Posted to commits@hbase.apache.org by ap...@apache.org on 2012/05/17 21:15:28 UTC
svn commit: r1339806 - in /hbase/trunk/src/main/java/org/apache/hadoop/hbase:
client/ScannerCallable.java mapred/TableRecordReaderImpl.java
mapreduce/TableRecordReaderImpl.java
Author: apurtell
Date: Thu May 17 19:15:28 2012
New Revision: 1339806
URL: http://svn.apache.org/viewvc?rev=1339806&view=rev
Log:
HBASE-6004. Adding more logging to help debugging MR job (Jimmy Xiang)
Modified:
hbase/trunk/src/main/java/org/apache/hadoop/hbase/client/ScannerCallable.java
hbase/trunk/src/main/java/org/apache/hadoop/hbase/mapred/TableRecordReaderImpl.java
hbase/trunk/src/main/java/org/apache/hadoop/hbase/mapreduce/TableRecordReaderImpl.java
Modified: hbase/trunk/src/main/java/org/apache/hadoop/hbase/client/ScannerCallable.java
URL: http://svn.apache.org/viewvc/hbase/trunk/src/main/java/org/apache/hadoop/hbase/client/ScannerCallable.java?rev=1339806&r1=1339805&r2=1339806&view=diff
==============================================================================
--- hbase/trunk/src/main/java/org/apache/hadoop/hbase/client/ScannerCallable.java (original)
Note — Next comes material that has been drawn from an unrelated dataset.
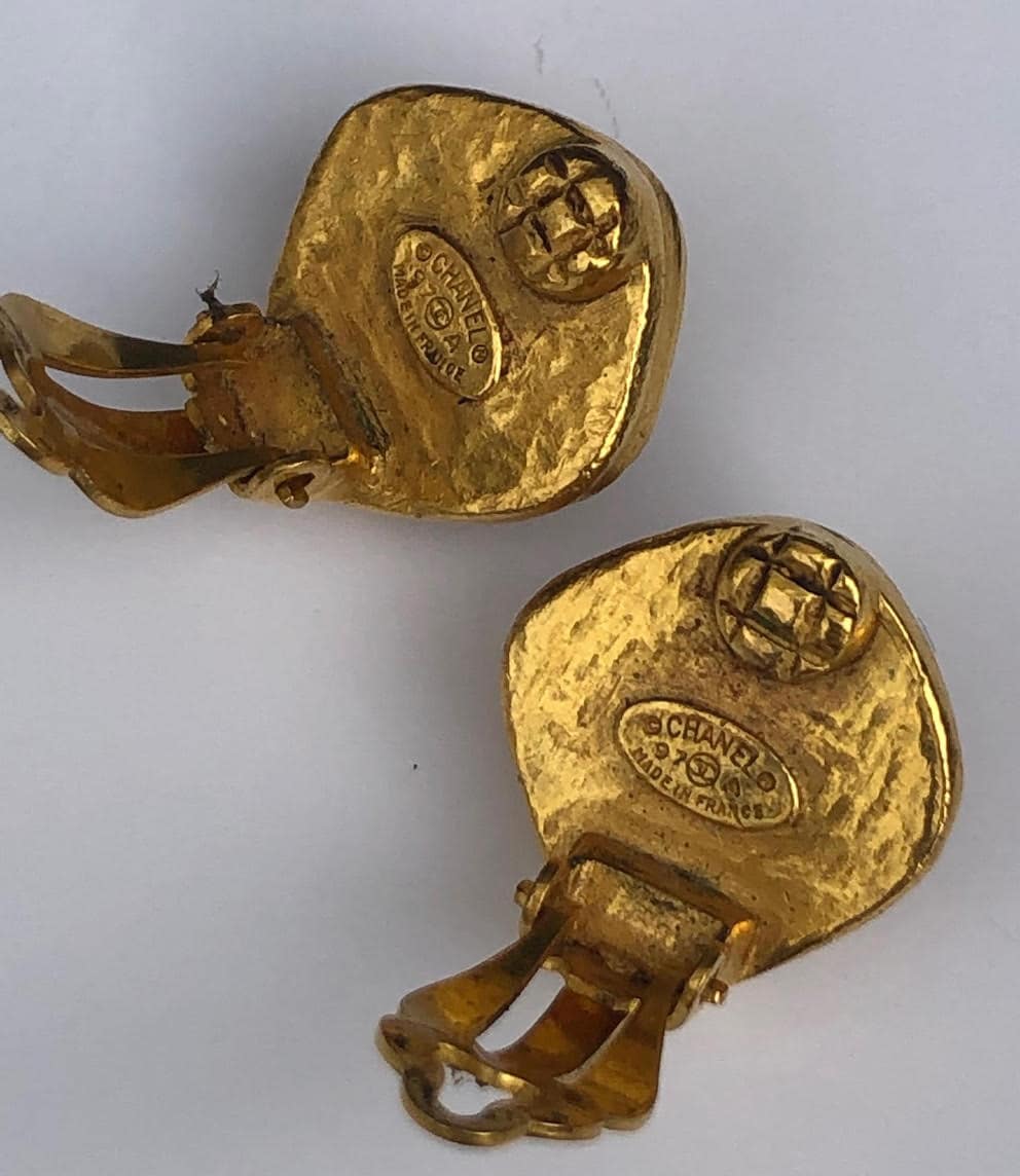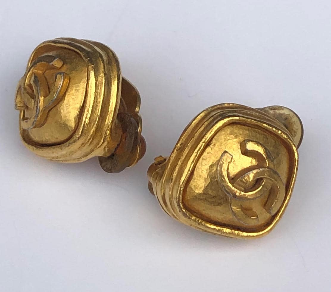 A rare find, a lovely vintage Autumn 1997 Chanel triangle diamond shape CC clip-on earrings in gold tone with interlocking CC logo. Signed behind on a plate.

+++ hbase/trunk/src/main/java/org/apache/hadoop/hbase/client/ScannerCallable.java Thu May 17 19:15:28 2012
@@ -25,10 +25,13 @@ import org.apache.commons.logging.Log;
import org.apache.commons.logging.LogFactory;
import org.apache.hadoop.classification.InterfaceAudience;
import org.apache.hadoop.classification.InterfaceStability;
+import org.apache.hadoop.conf.Configuration;
import org.apache.hadoop.hbase.DoNotRetryIOException;
import org.apache.hadoop.hbase.HRegionInfo;
+import org.apache.hadoop.hbase.HRegionLocation;
import org.apache.hadoop.hbase.NotServingRegionException;
import org.apache.hadoop.hbase.RemoteExceptionHandler;
+import org.apache.hadoop.hbase.UnknownScannerException;
import org.apache.hadoop.hbase.client.metrics.ScanMetrics;
import org.apache.hadoop.hbase.protobuf.ProtobufUtil;
import org.apache.hadoop.hbase.protobuf.RequestConverter;
@@ -48,6 +51,10 @@ import com.google.protobuf.ServiceExcept
@InterfaceAudience.Public
@InterfaceStability.Stable
public class ScannerCallable extends ServerCallable<Result[]> {
+ public static final String LOG_SCANNER_LATENCY_CUTOFF
+ = "hbase.client.log.scanner.latency.cutoff";
+ public static final String LOG_SCANNER_ACTIVITY = "hbase.client.log.scanner.activity";
+
private static final Log LOG = LogFactory.getLog(ScannerCallable.class);
private long scannerId = -1L;
private boolean instantiated = false;
@@ -55,6 +62,8 @@ public class ScannerCallable extends Ser
private Scan scan;
private int caching = 1;
private ScanMetrics scanMetrics;
+ private boolean logScannerActivity = false;
+ private int logCutOffLatency = 1000;
// indicate if it is a remote server call
private boolean isRegionServerRemote = true;
@@ -71,6 +80,9 @@ public class ScannerCallable extends Ser
super(connection, tableName, scan.getStartRow());
this.scan = scan;
this.scanMetrics = scanMetrics;
+ Configuration conf = connection.getConfiguration();
+ logScannerActivity = conf.getBoolean(LOG_SCANNER_ACTIVITY, false);
+ logCutOffLatency = conf.getInt(LOG_SCANNER_LATENCY_CUTOFF, 1000);
}
/**
@@ -129,7 +141,16 @@ public class ScannerCallable extends Ser
RequestConverter.buildScanRequest(scannerId, caching, false);
try {
ScanResponse response = server.scan(null, request);
+ long timestamp = System.currentTimeMillis();
rrs = ResponseConverter.getResults(response);
+ if (logScannerActivity) {
+ long now = System.currentTimeMillis();
+ if (now - timestamp > logCutOffLatency) {
+ int rows = rrs == null ? 0 : rrs.length;
+ LOG.info("Took " + (now-timestamp) + "ms to fetch "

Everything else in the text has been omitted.